Unsere Arbeitsgruppe Air 2030 hat den Bundesrat vor seinem Entscheid für den «bestgeeigneten und kostengünstigsten Kampfjet» noch mit diesem Brief gewarnt:

«Flugwaffen : Nomen est omen.»
Ja, wir wissen, «Flugwaffe» ist ein irreführender Name, aber er wurde nun einmal kreiert, vom dama­ligen Chef EMD und seinem Chef Flieger, die in ihrer Naivität wahrscheinlich heute noch glauben, Fliegen sei Verteidigen und Flieger seien Waffen.

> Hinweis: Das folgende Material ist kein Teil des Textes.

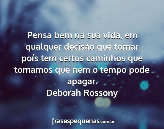 Pensa bem na sua vida, em qualquer decisão que tomar poís tem certos caminhos que tomamos que nem o tempo pode apagar.Deborah Rossony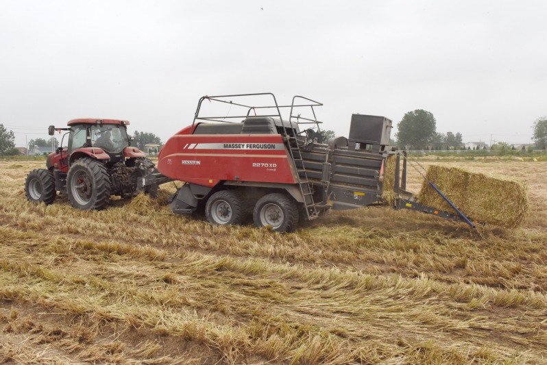 6月3日,我们在淮海农场五分场四十大队大麦收获后的田间看到,一台翻草机快速地将散落在田间的麦秸归拢成条状,一台机械打捆机随后将麦秸快速收集、压缩、打捆,并用叉车和运输车辆拖运到场地上。据测算,一捆麦秸就是一亩地大麦的草量,每捆约700多斤,一块70亩左右的农田,从收草打捆到草捆全部离田仅两三个小时,整个过程一气呵成。大麦秸秆移出农田,可以有效地提高水田的整地质量,减少因麦秸日后发酵产生的有毒气体对作物的毒害,缓解土壤的碳氮比,这对作物高产稻产十分有利。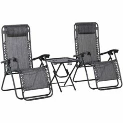Lounging with a friend has never been so relaxing, thanks to the garden recliner chairs set of 3 from Outsunny. Formed of two reclining garden chairs and a matching table, you’ve got everything you need in one. Powder-coated steel frame for strength, with a cushioned headrest for comfort. The backs recline back to any position. Comes complete with a handy side table.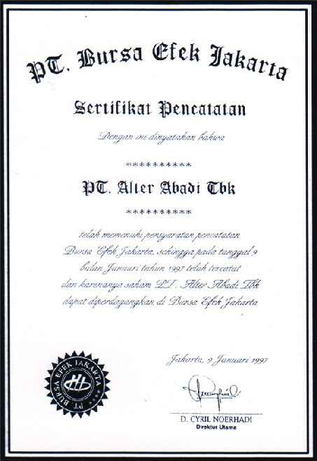 Pada tahun 1994 dan 1996 PT Alter Abadi Tbk mendapatkan penghargaan Sahwali kelas dunia atas prestasinya dalam pengelolaan lingkungan. Pada tahun 1997 PT. Alter Abadi Tbk menjadi perusahaan yang terdaftar di Bursa Efek Indonesia.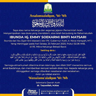 “Innalillahi wainnailaihirajiun. Ibunda Hajjah Emmy Soekarmi binti Matsari, mertua dari Bapak Plt Gubernur meninggal dunia. Kami segenap pegawai di pemerintahan Aceh menyampaikan dukacita. Semoga almarhumah diterima iman Islamnya,” kata Sekretaris Daerah Aceh, dr. Takwallah M.Kes, dalam keterangannya, Selasa 25/2.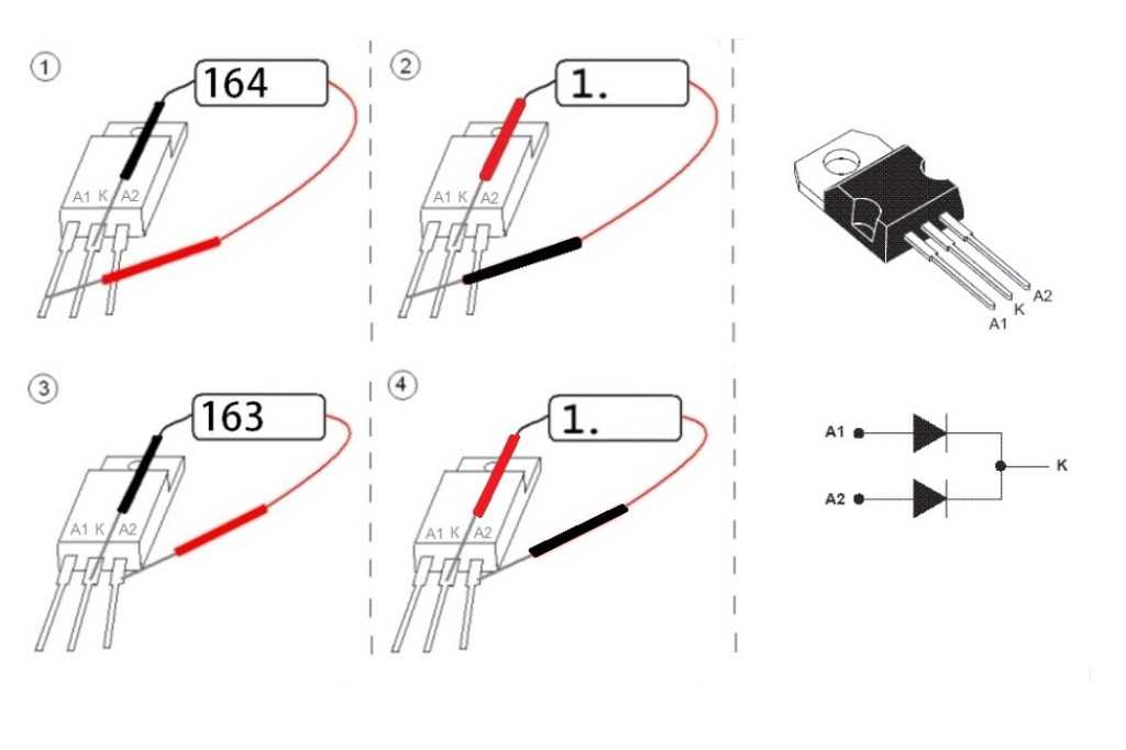 Схематическая проверка сдвоенного диода Шоттки с общим катодом изображена ниже . Мы видим , что поочередно необходимо проверить каждый из двух диодов .

Diese Naivität vieler westlicher Verteidigungsminister hat zum grossen Grounding der westlichen Flugwaffen geführt.


Entwicklung und Inbetriebnahme neuer Kampfflugzeuge enden NIE, oder im Fiasko.

Wir haben vor genau 2 Jahren, an Sie, als neue Chefin VBS, eine Warnung geschickt, aus unserem Nachrichten-Raum , über die Probleme, welche die F-35, nach 25(!) Jahren Entwicklung, nun im Betrieb und Unterhalt, immer noch und immer mehr behinderten: 2019 waren von den ca 500 F-35 der USA nur 27% für Kampfeinsätze verfügbar. Der Rest stand auf Böcken und wartete auf Ersatzteile.
Die Verfügbarkeit ist heute nicht besser geworden; sehen Sie unten.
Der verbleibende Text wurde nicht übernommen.